> **ACTION ITEM**
Among the records below, find the line with "Et pour finir" and the line with "These earrings made". Set down both and every line between, exactly and with no pictures, but nothing else.
TASK INPUTS Block Start
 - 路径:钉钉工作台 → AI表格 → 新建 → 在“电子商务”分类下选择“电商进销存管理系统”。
TASK INPUTS Block End
TASK INPUTS Block Start
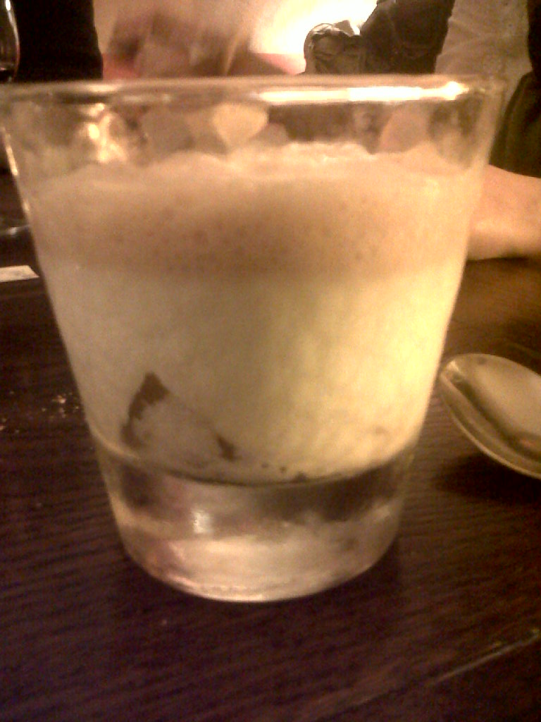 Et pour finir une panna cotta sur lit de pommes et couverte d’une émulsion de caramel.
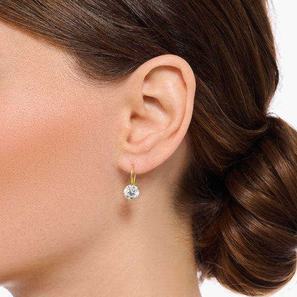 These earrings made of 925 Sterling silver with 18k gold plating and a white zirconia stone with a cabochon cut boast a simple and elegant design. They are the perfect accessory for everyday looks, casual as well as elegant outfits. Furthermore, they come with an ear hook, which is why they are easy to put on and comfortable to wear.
TASK INPUTS Block End
> **SOLUTION FOR THIS TASK**
 Et pour finir une panna cotta sur lit de pommes et couverte d’une émulsion de caramel.
 These earrings made of 925 Sterling silver with 18k gold plating and a white zirconia stone with a cabochon cut boast a simple and elegant design. They are the perfect accessory for everyday looks, casual as well as elegant outfits. Furthermore, they come with an ear hook, which is why they are easy to put on and comfortable to wear.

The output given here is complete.